在一些实施例中,所述综合每个决策树的审批结果,确定是否发放用户所请求的资源,包括:In some embodiments, the method of synthesizing the approval results of each decision tree to determine whether to release the resources requested by the user includes:
根据生成相同的审批结果的决策树的数量占决策树的总数的比例、和第一预设阈值, 确定是否发放用户所请求的资源。According to the proportion of the number of decision trees that generate the same approval result to the total number of decision trees and the first preset threshold, Determine whether to release the resource requested by the user.
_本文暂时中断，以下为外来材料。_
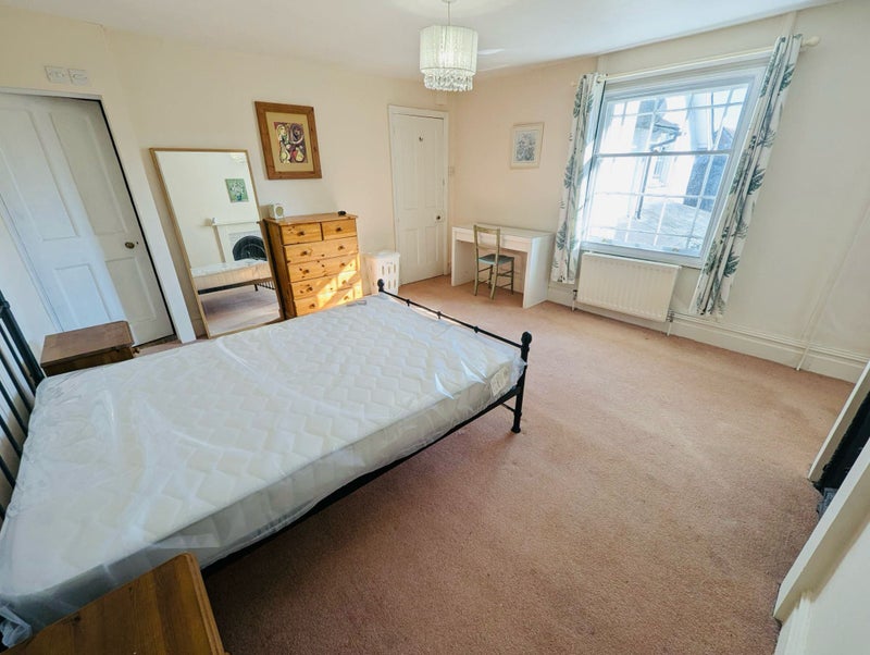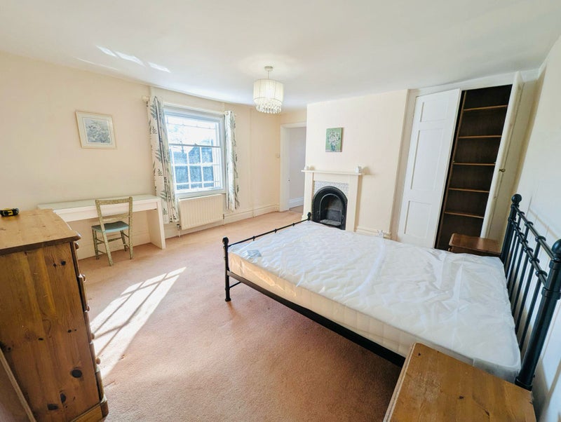 Spacious bedroom (13’ 10” x 13’ 6”), including built-in wardrobe, double bed, bedside tables, dressing table, full length mirror and chest of drawers. The bedroom also has a fireplace (not functional).

在一些实施例中,所述根据生成相同的审批结果的决策树的数量占决策树的总数的比例、和第一预设阈值,确定是否发放用户所请求的资源,包括:In some embodiments, determining whether to release the resource requested by the user is based on the proportion of the number of decision trees that generate the same approval result to the total number of decision trees and the first preset threshold, including:
在生成相同的审批结果的决策树的数量占决策树的总数的比例超过第一预设阈值的情况下,根据该审批结果,确定是否发放用户所请求的资源。When the ratio of the number of decision trees that generate the same approval result to the total number of decision trees exceeds the first preset threshold, it is determined whether to release the resource requested by the user based on the approval result.
在一些实施例中,所述根据生成相同的审批结果的决策树的数量占决策树的总数的比例和第一预设阈值,确定是否发放用户所请求的资源,包括:In some embodiments, determining whether to release the resource requested by the user is based on the proportion of the number of decision trees that generate the same approval result to the total number of decision trees and the first preset threshold, including:
在生成相同的审批结果的决策树的数量占决策树的总数的比例不超过第一预设阈值的情况下,根据多个特征,确定是否发放用户所请求的资源。When the ratio of the number of decision trees that generate the same approval result to the total number of decision trees does not exceed the first preset threshold, it is determined whether to release the resource requested by the user based on multiple characteristics.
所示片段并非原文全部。